Produzido em apenas 471 pares, o V-90 São Paulo Mon Amour traz tons sóbrios que remetem à metrópole. Detalhes em amarelo falam sobre a alma multicultural da cidade e o número 011 é um símbolo de pertencimento.

O lançamento será no dia 11 de junho, data de inauguração da loja. Momento especial para contarmos um pouco da história da marca e suas práticas inovadoras.

A HISTÓRIA DA VEJA

Se fôssemos contar os 20 anos de história da franco-brasileira VEJA em números, desde o lançamento de sua primeira silhueta, o Volley, teríamos 14 milhões de pares vendidos, 1560 toneladas de algodão orgânico consumidas, outras 2560 toneladas de borracha amazônica. 700 funcionários com características especiais encontraram um lugar para trabalhar. Zero estoque, investidor e propaganda.

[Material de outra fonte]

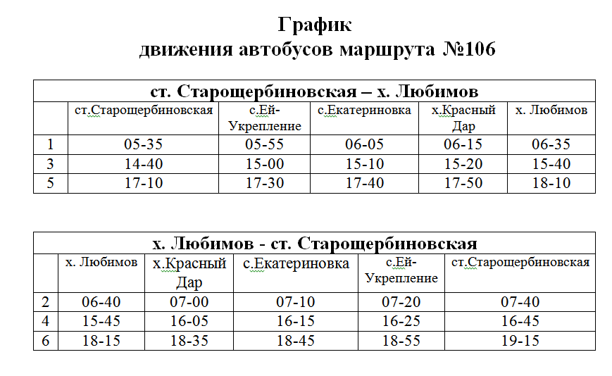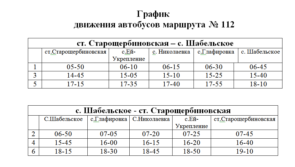 Уважаемые жители района публикуем график движения маршрутов № 106 и № 112. Напоминаем, что для муниципального маршрутного сообщения между с. Шабельское и ст. Старощербиновской по маршруту № 106 «ст. Старощербиновская – с. Шабельское» и № 112 «ст. Старощербиновская - х. Любимов» по результатам аукциона определен перевозчик. Осуществление перевозок запланировано с 6 сентября 2021 года после подписания контракта на осуществление регулярных перевозок пассажиров и багажа.

Em 2004, dois amigos franceses vieram ao Brasil com a ideia de reinventar o processo produtivo de um artigo icônico para sua geração: o tênis. A ideia era fazer, de modo diferente, cada etapa desse sistema de fabricação até o produto final. O objetivo não era somente criar um item de moda, e sim um tênis com impacto positivo. Em 2005, 5 mil pares foram lançados na primeira coleção; atualmente, a produção anual é de mais de 3,5 milhões. Desde 2013, a marca opera no Brasil.

O COMEÇO DE TUDO

A história da VEJA começa em 2003, quando os franceses Sébastien Kopp e François-Ghislain Morillion deram início a uma auditoria social para uma marca de moda passando por quatro países: China, África do Sul, Índia e Brasil.

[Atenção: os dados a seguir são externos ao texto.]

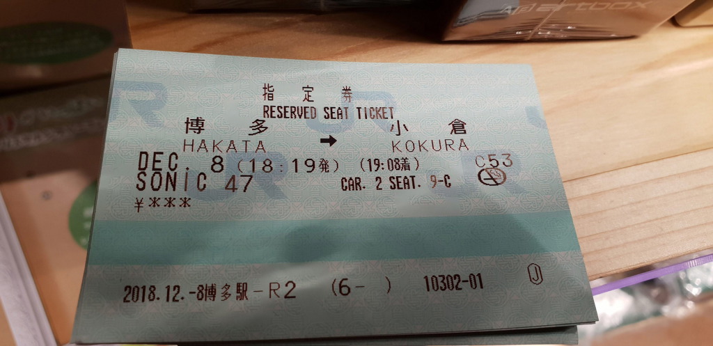 *하카타역에서 고쿠라역까지 지정석 승차권 모습. (소닉47)

Durante uma inspeção na Ásia, ambos perceberam que, apesar das aparentes boas condições de trabalho no ambiente fabril, constataram condições longe das ideais para os empregados. Naquele momento, Sébastien e François entenderam que os desafios da indústria da moda iam muito além das paredes das fábricas, e começaram a imaginar um modelo de negócio que respeitasse as pessoas e o planeta.

No mesmo ano, conheceram o trabalho da AlterEco, empresa de alimentos orgânicos fundada por Tristan Lecomte, e viram, pela primeira vez, o comércio justo aplicado na prática. Com a experiência, voltaram a Paris, com o objetivo de reinventar um dos produtos mais simbólicos da atual geração: o tênis – levando os valores praticados por Lecomte para a cadeia de produção no universo da moda.

Em 2004, a dupla escolheu o Brasil para estabelecer a produção da VEJA, após encontrarem no país todas as matérias-primas necessárias e um cenário com leis trabalhistas consideradas justas. Neste tempo, fizeram uma longa pesquisa de território e tiveram a oportunidade de vivenciar a Amazônia e dialogar com famílias extrativistas que produziam borracha respeitando a floresta. No Ceará, conheceram o movimento do algodão agroecológico e as famílias agricultoras que produziam de forma orgânica, livre de agrotóxicos e pesticidas. Sébastien e François apresentaram a elas sua ideia de reinventar o processo produtivo, promovendo oportunidades de desenvolvimento econômico e social para agricultores, com respeito aos seres humanos e à natureza.

PILARES

Três pilares sustentam o propósito da VEJA:
1. uso de matérias-primas ecológicas
2. política dos zeros
3. transparência.

De modo geral, aproximadamente 70% do valor de um tênis de grande marca representa gastos em publicidade e apenas 30% é destinado para matérias-primas e produção. Desde sua criação a VEJA caminha na contramão desse movimento, direcionando o investimento para valorização de sua própria cadeia produtiva.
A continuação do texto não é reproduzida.